Marius and Ruth Bodnarius have five children aged from 3 months to 9 years, all of whom were seized last November by the national child welfare agency Barnevernet and placed in three different foster homes.

For several months they were forbidden from seeing and even communicating with their children.

The incident has prompted a huge response from Christian communities worldwide, particularly the Romanian community, as Marius is a Romanian-born citizen. 

Removed from parents

The children were taken away from Marius and Ruth because the authorities were concerned about the children's biblical upbringing.

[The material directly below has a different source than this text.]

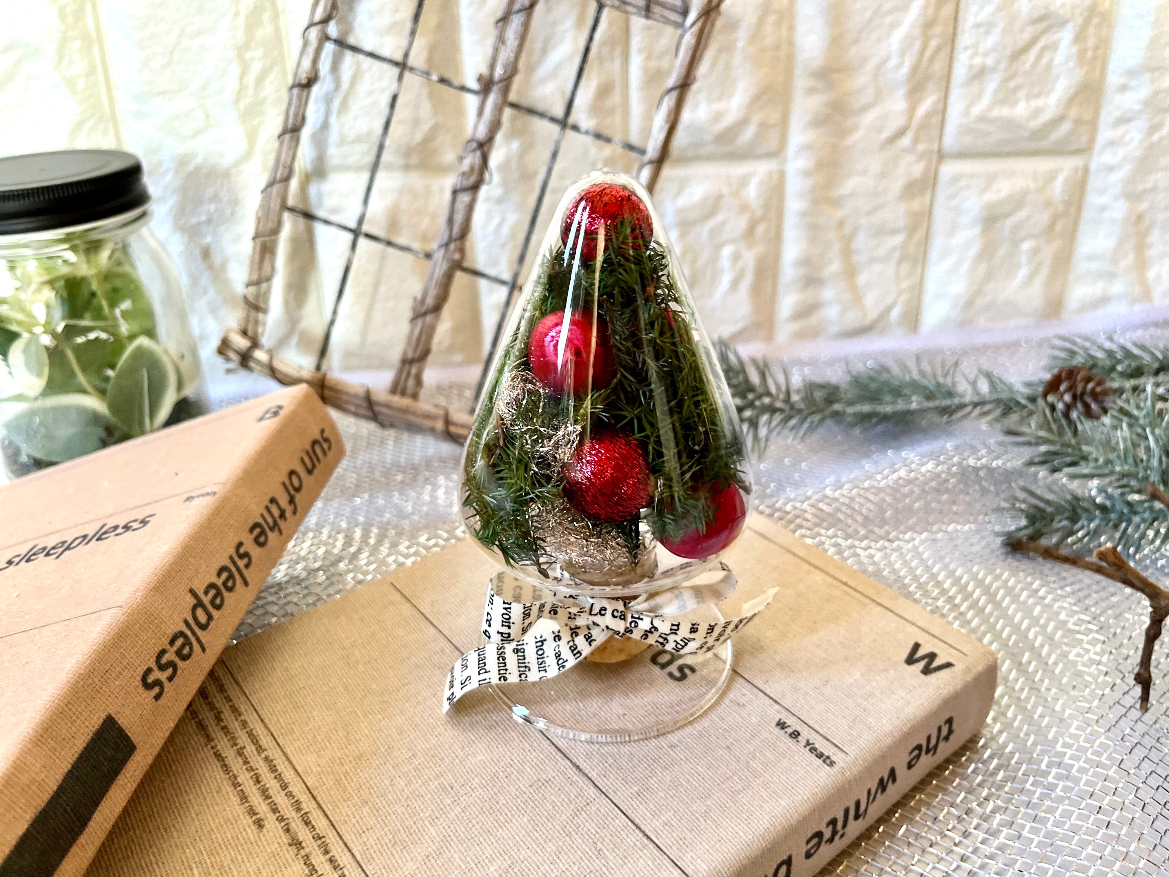 ボトルツリーにシルバーとレッドのクリスマスボールをアレンジした可愛いツリーです。

Minutes from a meeting by the Barnevernet agency state:

"[We are] worried that this is a way of upbringing which is justified by the Bible. [Marius and Ruth's] Bible-based parenting style caused stress for the children, [and we are concerned that the girls might have] an inner conflict [about] not being good enough when it comes to their parents' values."

Houston-based attorney Peter Costea, who is supporting the Bodnarius family, asked:

"Is it child abuse to teach children the Bible? The Norwegian government seems to think that if children believe and act according to their faith taught to them by their parents, then they are too 'rigid' or 'strong-willed.'"

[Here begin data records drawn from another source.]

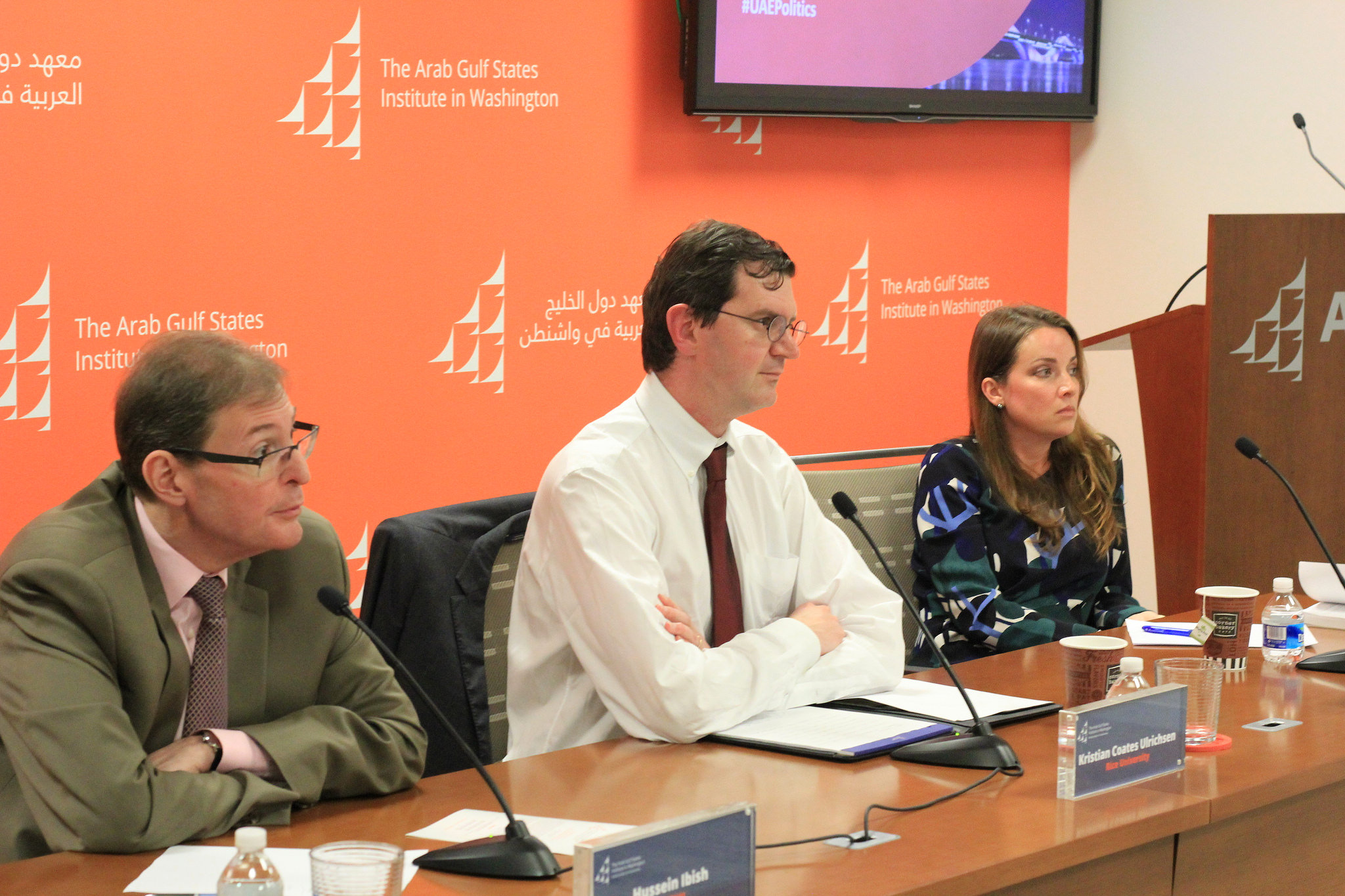 AGSIW was pleased to host a panel discussion with Kristian Coates Ulrichsen, author of The United Arab Emirates: Power, Politics and Policy-Making. AGSIW Senior Resident Scholar Karen E. Young served as discussant and Senior Resident Scholar Hussein Ibish moderated the panel.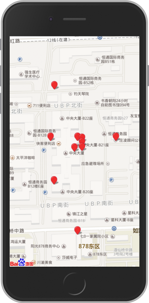 基于以上代码,服务端就可以返回最近的10个资源以及每个资源离当前位置的距离。例如: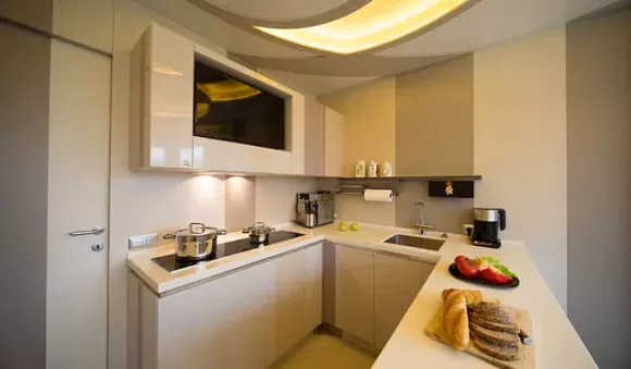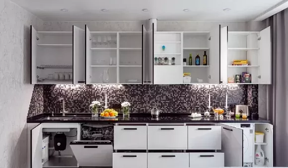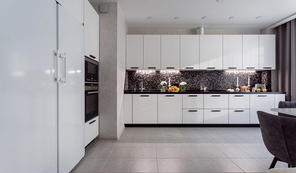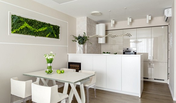 Пожалуй, это самое элегантное цветовое решение для глянцевой кухни. Чем меньше пространства, тем больше должно быть белой палитры, которая добавит простора и воздуха.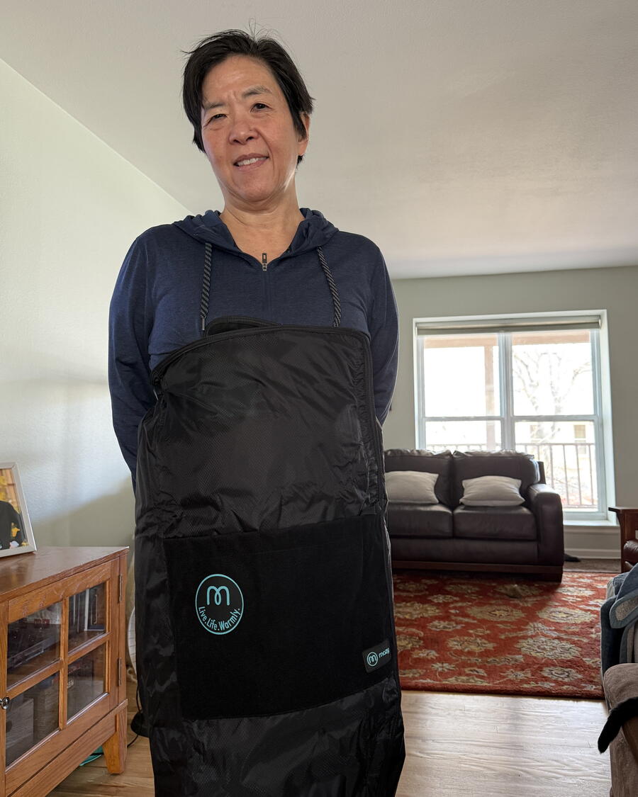 At home, I’m often bundled in a fleece blanket because I easily get cold. So, imagine my surprise and delight at receiving this wrap that’s specifically meant for wear like a jacket.  It doesn’t need batteries or have the bulk of a regular blanket, and it retains up to 500% more heat from the body than a regular blanket. Plus, the design allows for free movement, so it’s ideal for whatever outdoor activity you do. Having pockets in the front, a concealed carabiner, a customized fit, adjustable corners and the Velcro attachment are also thoughtful details.

Part of the reason for the children's removal was because the parents occasionally used physical punishment, such as spanking, as a disciplinary method.

However, the Bodnarius family say that they were unaware that the law in Norway is that strict.

The children had expressed no fear of their parents, and when examined, doctors found no signs of physical abuse.

Yet for months the parents were unable to see the five children, and letters from them were withheld by social services.

A judge has now ordered the youngest child Ezekiel, who is seven months old, to be returned to his parents. 

Worldwide support

The Bodnarius' case has garnered worldwide support, with a US petition for the children's removal exceeding 60,000 signatures.

On Saturday over 50 rallies took place in Norway and in the Unites States.

Michael Donnelly, Director of Global Outreach for the Home School Legal Defense Association, said:

"It's hard to understand this kind of ruthless act against a family. All who know the parents report that they are caring and responsible.

"Even if there were legitimate concerns about the parenting of Ruth and Marius — which doesn't appear to be the case — this kind of treatment would still be completely disproportionate. The actions of this agency violate basic human rights norms that Norway has committed to uphold."

Addressing the crowd of supporters in Stryn, Norway, he stated:

"I will stand with these parents and call on Norwegian authorities to right this injustice. HSLDA is asking our members and friends to take action to support this family by calling on the Norwegian government to reunify this family.

"By standing up for the rights of Ruth and Marius and their children, we are standing for the rights of all families to be free to teach their children in accordance with their own convictions — without fear of government interference."

The 'Brown' family

The Bodnarius's story strongly echoes that of Christian Legal Centre clients the 'Brown' family (name changed for legal reasons).

'John' and 'Mary' Brown had their two adoptive sons taken away by social services after the boys, who were acknowledged to have had some behavioural difficulties, claimed to have been mistreated following a singular incident.

The boys, 'Dan' and 'Tom', who were legally adopted in 2013 but were received into the loving Christian home in 2010, had come from a very traumatic background.

Tom in particular struggled with not wanting to go to school.

When his SATs started he was in a "fairly heightened" mood.

When Mrs Brown drove him to school one morning for an exam, he tried to reach for the steering wheel. Mrs Brown, in that moment, pushed him back.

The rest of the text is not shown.